If we write $a = c*q + r$, then, $a/c = q$ and $a\%c = r$. Now, let’s consider two integer $a$ and $b$ and there modulo with respect to another $c$. Let’s represent $a$ as $c*q_1 + r_1$ and $b$ as $c*q_2+r_2$ and analyze some important operations.

1. $a+b = c*q_1 + r_1 + c*q_2+r_2 = c*(q_1+q_2) + (r_1+r_2)$
Now, you write $(r_1+r_2)$ as $c*q_3 + r_3$
and hence, $a+b = c*(q_1+q_2+q_3) + r_3$
Clearly, $(a+b)\%c = r_3 = (r_1 + r_2)\%c = ((a\%c) + (b\%c))\%c$
2. Similarly, You can obtain following results:
$\begin{array}{c} (a-b)\%c = ((a\%c) – (b\%c))\%c \\ (a*b)\%c = ((a\%c) * (b\%c))\%c \\ (a/b)\%c = ((a\%c) * ((1/b)\%c))\%c \end{array}$
You might be wondering how to compute $(1/b)\%c$. Value of $(1/b)\%c$ is known as modular inverse of $b$ with respect to $c$. In next section, I will discuss various methods to compute modular inverse.

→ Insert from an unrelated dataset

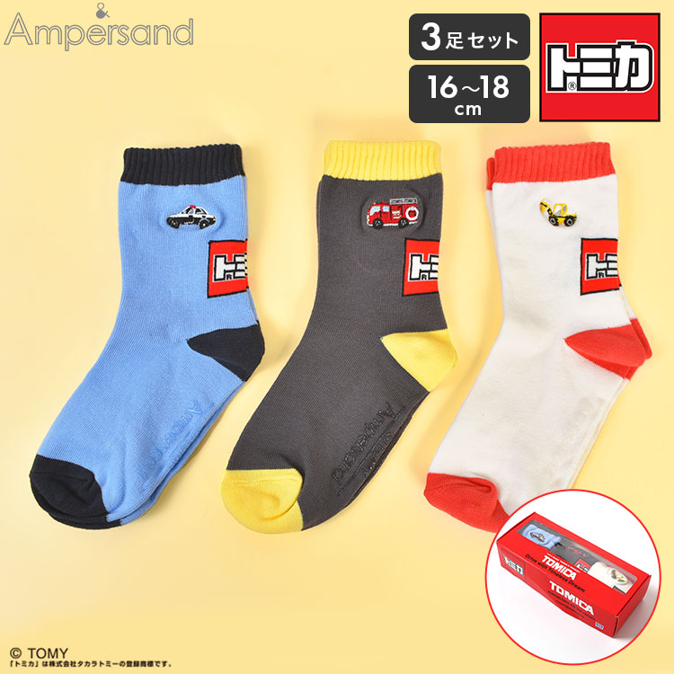 トミカ TOMICA 靴下 キッズ ソックス 男の子 子供 アンパサンド Ampersand コラボ 3足セット くつ下 16cm 17cm 18cm 青 白 グレー おしゃれ かわいい 車 クルマ 滑り止め クルーソックス 保育園 幼稚園 園児 幼児 男児 4 5 6歳 誕生日 クリスマス プレゼント ギフト 箱付き

From now on, $expression1 \equiv expression2 \mod m$ is equivalent to $expression1\%m = expression2\%m$. There is one more definition of modular inverse as follows:
$\begin{array}{c} a*x \equiv 1 \mod m \\ x \equiv (1/a) \mod m \end{array}$
Clearly, modular inverse of a positive integer $a$ with respect to $m$ is another non-negative integer $x < m$ such that $(a*x)\%m = 1$. Some of you will ask why $x < m$? It is because of the fact that $x\%m$ can take only values in the range $[0, m)$ and if we take $x>=m$, then, we will just repeat already checked values of $x\%m$.

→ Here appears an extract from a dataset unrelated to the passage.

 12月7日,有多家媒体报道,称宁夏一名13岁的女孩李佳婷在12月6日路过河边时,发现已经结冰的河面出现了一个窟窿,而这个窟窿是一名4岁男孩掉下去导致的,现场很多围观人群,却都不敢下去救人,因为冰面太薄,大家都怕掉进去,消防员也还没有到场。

#### Condition for Existence of Modular Inverse

Modular inverse of $a\%m$ exists only if $gcd(a, m) = 1$. If you don’t know much about gcd, then, I will advice you to read my article on gcd before moving forward as it will be used very frequently.

###### Proof of the statement:

$\begin{array}{c} ax \equiv 1 \mod m \\ \implies ax = km + 1 \\ \implies ax – km = 1 \\ \implies gcd(a, m) | (ax – km), gcd(a, m) | 1 \\ \implies gcd(a, m) = 1 \end{array}$

#### Finding Modular Inverse using Extended Euclidean Algorithm

Extended Euclid Algorithm involves finding 2 integers $x$, $y$ satisfying following equation: $$ax + by = gcd(a, b) \text{ —->equation 1}$$. Let’s see how we can use $x$, $y$ for our advantage.
If we replace $b$ with $m$ and $gcd(a, b)$ with $1$ (because $gcd(a, m) = 1$), we will obtain following equation:
$\begin{array}{c} ax + my = 1 \\ \text{After performing mod on both sides, } ax + my \equiv 1 \mod m \\ \implies ax \equiv 1 \mod m \end{array}$
Clearly, you can see that the value of $x$ in Extended Euclid algorithm is equal to the modular inverse of $a\%m$. Now, our task is to solve the equation efficiently. We will do so by using the Euclid algorithm I discussed in gcd article. Let’s see how?
We know that, $gcd(a, b) = gcd(b\%a, a)$ and also, we can solve this recursive relation in logarithmic time. Let’s form an another equation using this relation as follows:
$$(b\%a)x_1 + ay_1 = gcd(a, b) \text{ —->equation 2}$$
Things become interesting when we substitute $b\%a = b – [b/a]*a$
$\begin{array}{c} (b – [b/a]*a)x_1 + ay_1 = gcd(a, b) \\ a(y_1 – [b/a]*x_1) + bx_1 = gcd(a, b) \text{ —->equation 3} \end{array}$
Now, if you compare equation 1 and equation 3, you will get following results:
$$x = y_1 – [b/a]*x_1,\text{ } y = x_1$$
Hence, we saw that we can solve equation 1 by recursively solving equation 2. This relation is exactly similar to the one in Euclid algorithm except for the fact that it involves different operations and that’s why it is named Extended Euclid Algorithm. The time complexity of this algorithm is $min(a, b)$.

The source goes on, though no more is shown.